Week 4 HW: Protein Design Part I

Part A. Conceptual Questions

Answer any NINE of the following questions from Shuguang Zhang: (i.e. you can select two to skip)

  1. How many molecules of amino acids do you take with a piece of 500 grams of meat? (on average an amino acid is ~100 Daltons)

meat is around 20-27 percent for beef.

500 x 0.20 =100 grams of protein

1 Dalton = 1.66054e-24 grams

1 amino acid = 110 Daltons

So protein / Dalton = 6.0221374e+25 grams

110 x 6.0221374e+25 = 6.0221374e+27 grams Of in 500 gram meat.

  1. Why do humans eat beef but do not become a cow, eat fish but do not become fish?

When native mRNA is injected into the human body, it could trigger a series of heterologus immune responses and be degraded by the immune system, it is similar to how the human body resists viral unvarying.

DNA also needs to be in a nucleus, wrapped in histones and other proteins, with access to polymerase and other enzymes.

The immune systems in the human body identifies things that don’t match the own cells and attack or reject them.

Hou, X., Shi, J., & Xiao, Y. (2024). mRNA medicine: Recent progresses in chemical modification, design, and engineering. Nano research17(10), 9015–9030. https://doi.org/10.1007/s12274-024-6978-6

  1. Why are there only 20 natural amino acids?

The 20 standard amino acids are frozen evolutionary choices, solidified billions of years ago to balance protein functionality with metabolic efficiency.

Doig A. J. (2017). Frozen, but no accident - why the 20 standard amino acids were selected. The FEBS journal284(9), 1296–1305. https://doi.org/10.1111/febs.13982

Amino acids are also created through codons which are a chain of three bases stuck together. Nature has evoked to only produce 20 because of inherited redundancy, there are surveillance codons that encode for the same amino acids.

Why are there only 20 amino acids? | MyTutor. (n.d.). Www.mytutor.co.uk.https://www.mytutor.co.uk/answers/52609/Mentoring/Oxbridge-Preparation/Why-are-there-only-20-amino-acids/

  1. Can you make other non-natural amino acids? Design some new amino acids.

  2. Where did amino acids come from before enzymes that make them, and before life started?
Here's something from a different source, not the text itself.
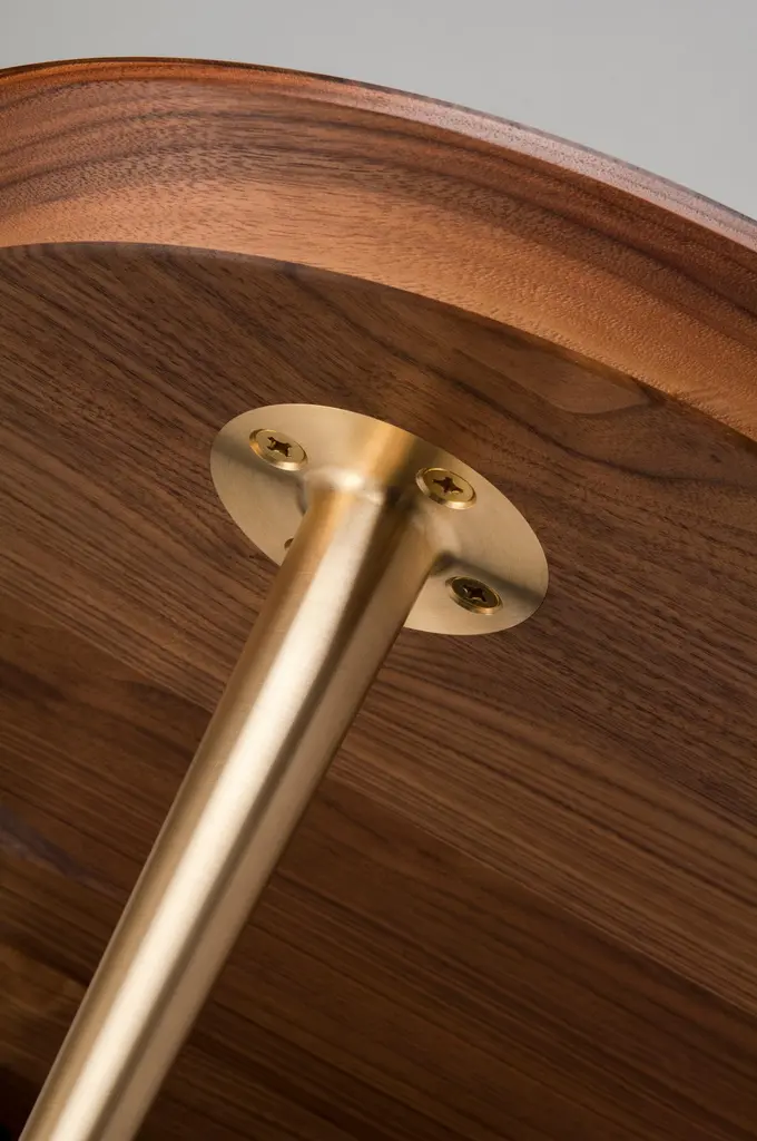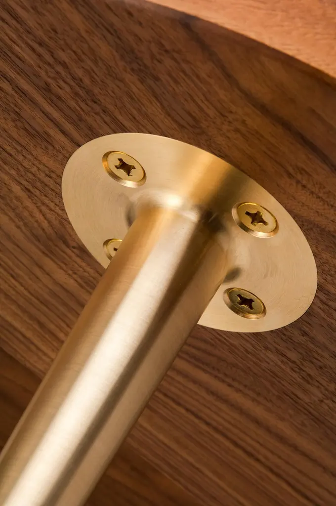 With its trefoil shaped top featuring Directional veneer and elegant stem like solid brass legs, this table can integrate or stand alone as a quiet piece of elegant design.Shown here: in natural oiled walnut and brass. The top is made from solid and veneered timber. The legs are precision engineered from solid brass.We finish our brass legs with Renaissance wax. Over time the finish will gently patina.Registered Design No. 4042284Each Stuart Scott piece is built by hand in our workshop in Wiltshire, England. Nothing is mass-produced. This ensures complete attention to detail, structural integrity and sheer build quality. We never compromise. When we finish each piece, it is signed and numbered: a unique handmade masterpiece.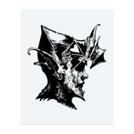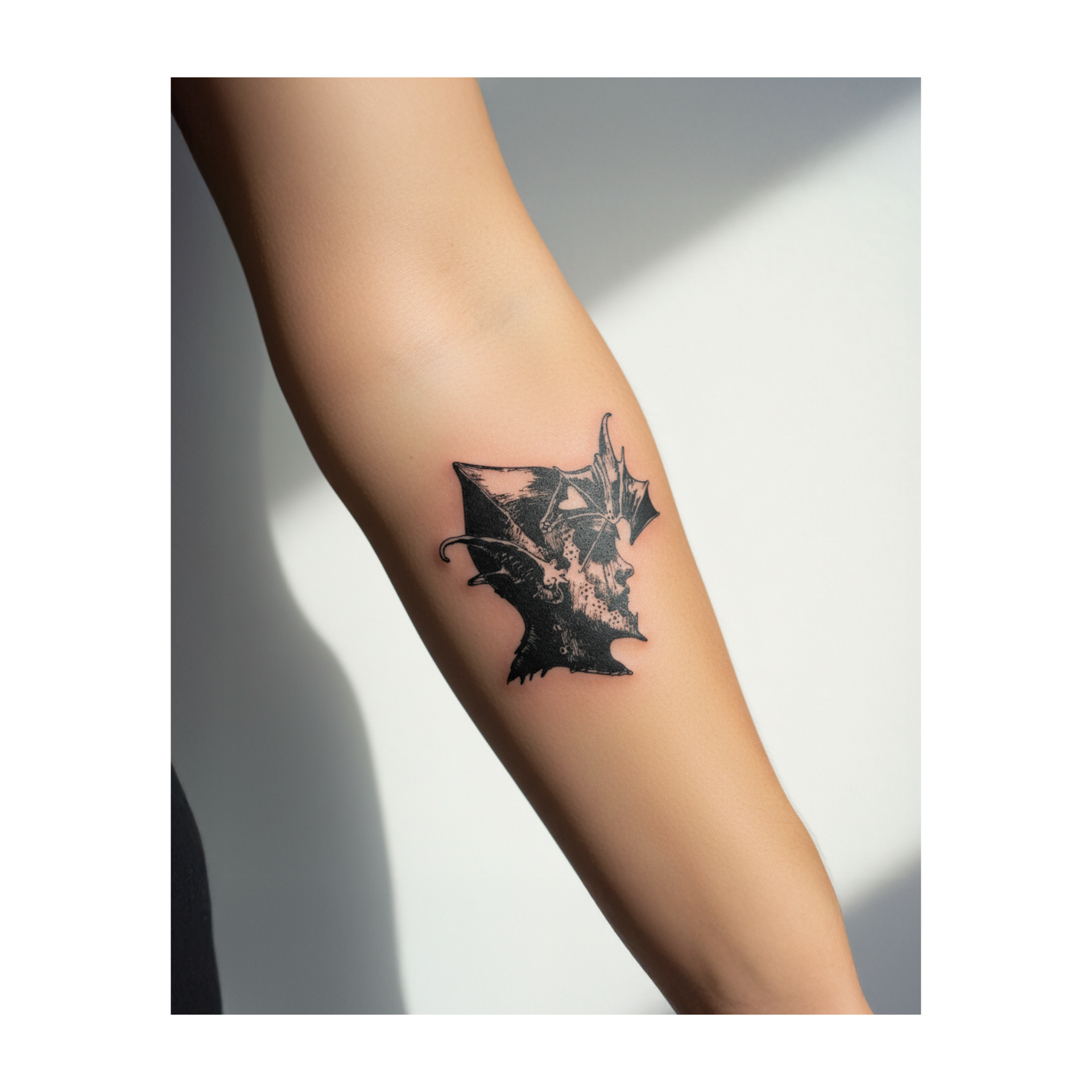 A dark blackwork tattoo of a side-profile face with sharp features and bat-like wings growing from the head. It tells a story of a ruler of the night, mixing human strength with vampire mystery.

In the origins of life on Earth, amino acids were synthesised chemically from a large mixture of organic compounds. After more complex forms of life arose, the ones that were able to synthesise their own amino acid survived and thats why, today, organisms are all able to synthesise their own aminos through enzymes and metabolic pathways.

Gutiérrez-Preciado, A., Romero, H., & Peimbert, M. (2010). Amino Acids, Evolution | Learn Science at Scitable. Nature.com. https://www.nature.com/scitable/topicpage/an-evolutionary-perspective-on-amino-acids-14568445/

  1. If you make an α-helix using D-amino acids, what handedness (right or left) would you expect?

    An a-helix using D-amino acids will form a left-handed helix, while natural L-amino acids from right-handed helices, reversing the chirality of the amino acids to the D-form results in the exact mirror image, casting the polypeptide chain to coil in the opposite left handed direction.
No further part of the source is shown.